With the purported correlation (very loosely speaking)
between these physiological effects and the EM disturbances, could the latter
be a physical cause of the former? That question isn’t addressed, presumably
because even if one can establish a casual relationship between the two, the
question would still remain: what was the initiating cause of the EM
disturbance to begin with? Which is always the question with SWR phenomena:
aside from the all-important question as to whether what’s being claimed to have
occurred actually did occur, that is: aside from whether the reports we’re
constantly getting are veridical—and this is the point at which most of
us jump off the train and remain incredulous—there always remains the question
of why this phenomenon at that time, under those circumstances?
As Dr. Knuth pointed out to me very succinctly: there’s plenty of ambiguity
here (what exactly was the timing and exact character of the allegedly strange
phenomena?), but ambiguities don’t equate to anomalies. We have to keep
that distinction in mind.
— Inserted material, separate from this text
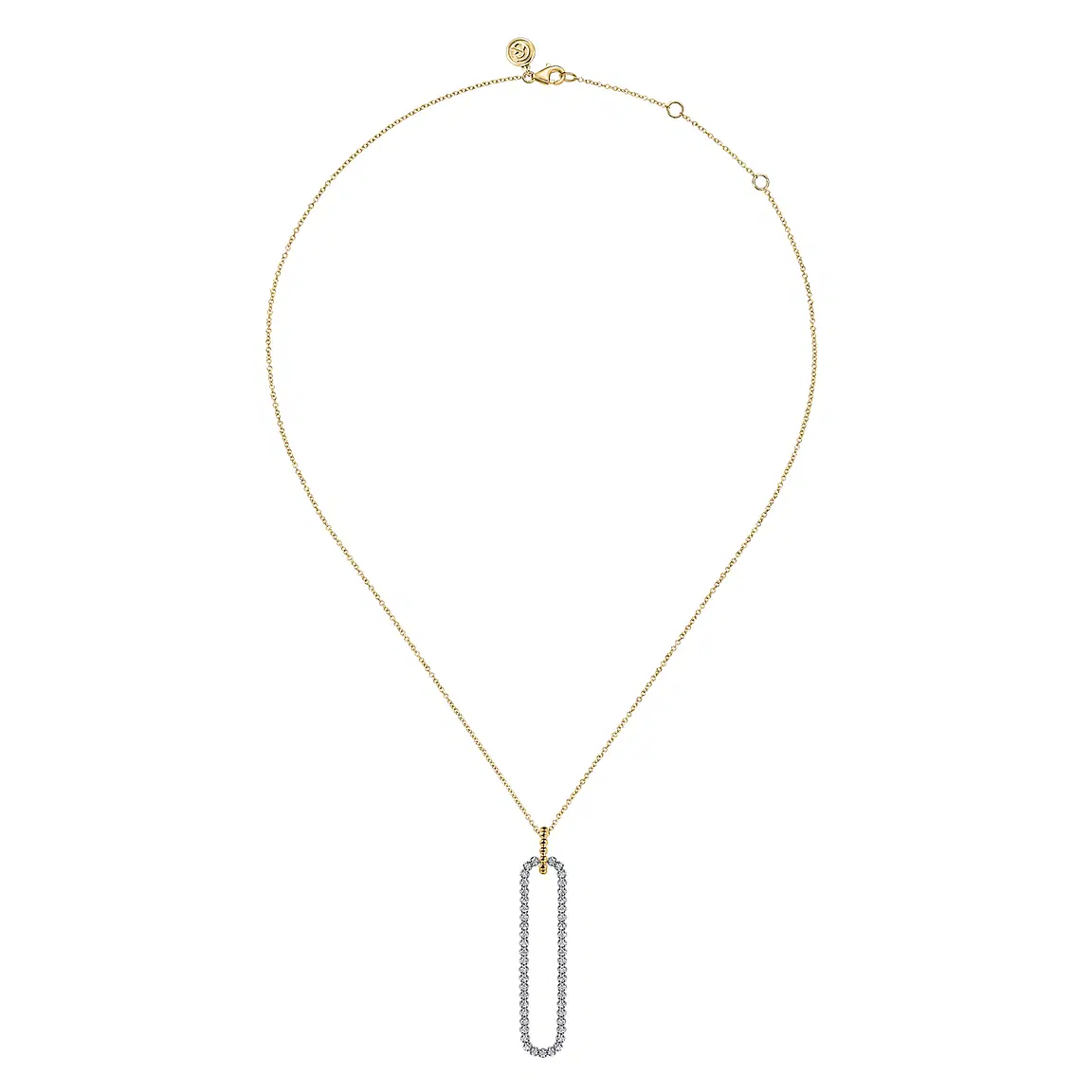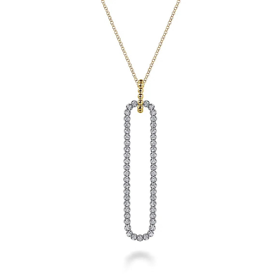 14K White Yellow Gold Bujukan Beads and Diamond Pendant Necklace
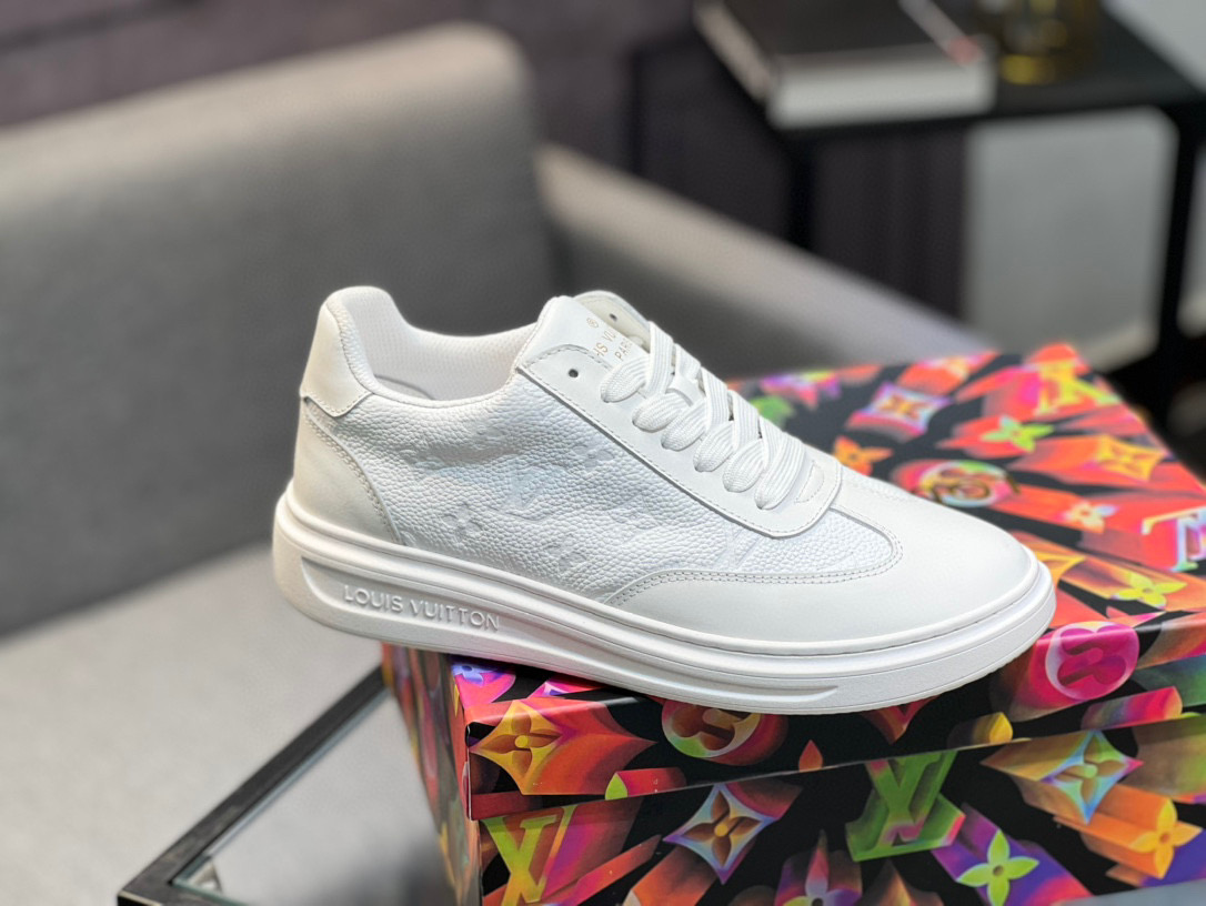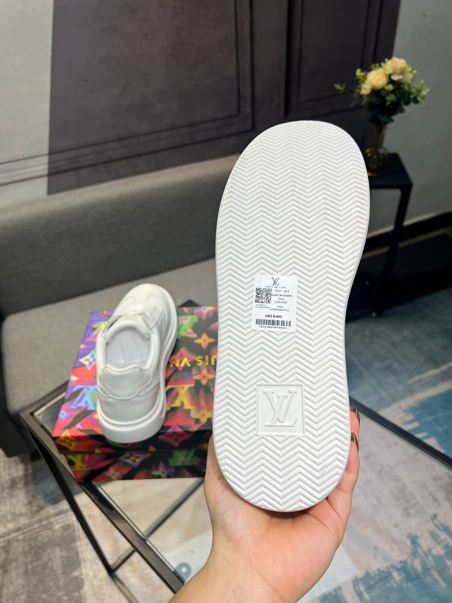 这款鞋子是AAAAA 1:1 质量 (非常棒). 使用了和原版一模一样的材料. 商标部分也保持了和路易威登/Louis Vuitton一样. 图片拍摄是实物鞋子拍摄, 您所收到的实物保证和我们图片一模一样.

It is the crucial distinction as we try to think
through what’s being said—or what’s being suggested, on film—about what’s actually
going on at the Ranch. (We’ll see a case of this distinction being ignored in a
moment.)
Now, it does not follow that there is, consequently, no there
there; all that follows from the set-up the SWR team has in place is that
there’s no good reason to take any of it seriously. If they want to (a) operate
as a media entertainment group hosting and bankrolling scientific research, and
(b) prevent anyone from talking about what’s going on that isn’t approved by said
media group, and (c) disallow independent verification or confirmation, then we
on the outside can say: bullshit; you ain’t got nothing until (a) through (c) is
eliminated. We’re all entitled to take that position.
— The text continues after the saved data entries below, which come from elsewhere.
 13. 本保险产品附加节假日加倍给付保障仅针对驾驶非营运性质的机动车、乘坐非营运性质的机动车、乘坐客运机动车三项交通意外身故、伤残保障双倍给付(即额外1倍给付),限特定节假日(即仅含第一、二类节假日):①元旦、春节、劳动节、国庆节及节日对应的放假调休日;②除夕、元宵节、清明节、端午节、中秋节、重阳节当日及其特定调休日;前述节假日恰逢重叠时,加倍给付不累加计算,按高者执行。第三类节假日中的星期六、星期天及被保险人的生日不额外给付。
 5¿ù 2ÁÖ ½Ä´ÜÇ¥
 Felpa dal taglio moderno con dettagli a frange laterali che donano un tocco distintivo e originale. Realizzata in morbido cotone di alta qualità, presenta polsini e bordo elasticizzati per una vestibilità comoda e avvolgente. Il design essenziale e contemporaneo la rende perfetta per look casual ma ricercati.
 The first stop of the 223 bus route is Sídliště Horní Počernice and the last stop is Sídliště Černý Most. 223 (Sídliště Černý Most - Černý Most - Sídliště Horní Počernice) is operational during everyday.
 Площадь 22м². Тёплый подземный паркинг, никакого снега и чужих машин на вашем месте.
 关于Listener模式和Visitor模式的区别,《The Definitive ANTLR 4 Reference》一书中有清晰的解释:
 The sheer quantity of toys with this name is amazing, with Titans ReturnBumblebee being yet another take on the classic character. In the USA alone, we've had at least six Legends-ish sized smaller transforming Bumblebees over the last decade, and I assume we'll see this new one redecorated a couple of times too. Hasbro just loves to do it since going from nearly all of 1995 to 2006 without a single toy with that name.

To wrap up this frustrating waltz through the presentation of
what could very well turn out to be nothing but more dissimulation from an
otherwise honest-seeming guy, let’s take the final two cases as examples of precisely
what we’ve been complaining about: the “lightning” videos Bard presents to the
awed audience, and the strangely distorted live-feed from somewhere in the
Command Center/Living complex. (Oh, there was a sound thing too which Bard, just
before these final two videos, presented to us; a hum that became a kind of deafening
roar of some ambiguous sort—to which members of the audience started claiming
physiological effects in response!)
When the video is slowed down, something—yet another
ambiguity that is presented as an “anomaly”—happens to the crooked blade of lightning:
it isn’t exactly continuous, as you’d expect it to be. It appears that it’s a broken
streak, with the break itself (at about 5/6ths the way up the streak) oddly
haloed by what appeared to me (little old me) to be a small cloud or vaporous
formation of some indistinct kind. Bard gets the audience to focus on that
break; it’s anomalous, right!? Lightning doesn’t just have breaks in it,
right?! Lightning streaks are smooth and continuous, right!? Well, hell if I
know the answer to that question—and thus once again the absurd proposition
seems to be that, to a roomful of non-experts (there are atmospheric physicists
who study this stuff!), which by the way includes both Taylor and Bard
himself (for neither I am sure can claim expertise in the phenomenon of lighting,
even if Bard has some level of degree in “plasma physics”), we’re supposed to
concluded by mere visual inspection that we have an anomaly. Hell no. We have
something that, to the non-expert and untrained eyes of everyone there, must
be considered ambiguous before it’s anomalous. Doing one’s due diligence
would suggest that one submits the videographic evidence to those who know,
and with that checked out, then report on the results of this—even if it’s a
mere preliminary analysis—to the audience, not to stand up there and wow the
audience with what is in all likelihood going to turn out to be what UAPx science
team member Dr. Matt Szydagis (also in attendance for two of the four days)
likes to call a “nothing burger”. The point I’m making, of course, is: we just
don’t know what it is we’re looking at. I don’t study lightning, and I’m
sure 99.9% of everyone there doesn’t either, so no one present is qualified to
really comment on such a phenomenon of nature. Sure, it’s seems odd. But
it’s just seeming.
The final act for the lightning enigma was some claim about an
anomalous effect that happened to the sophisticated (gaming) computer purchased
for examining in detail recorded video frames. Bard tells us that, as the storm
system approached, he unplugged the gaming computer, not wanting it to be damaged;
cameras were still of course recording as the storm rolled in. The next day,
Bard says he was examining the footage those cameras recorded (which included
those enigmatically discontinuous lightning streaks and the orby flashy “angels”).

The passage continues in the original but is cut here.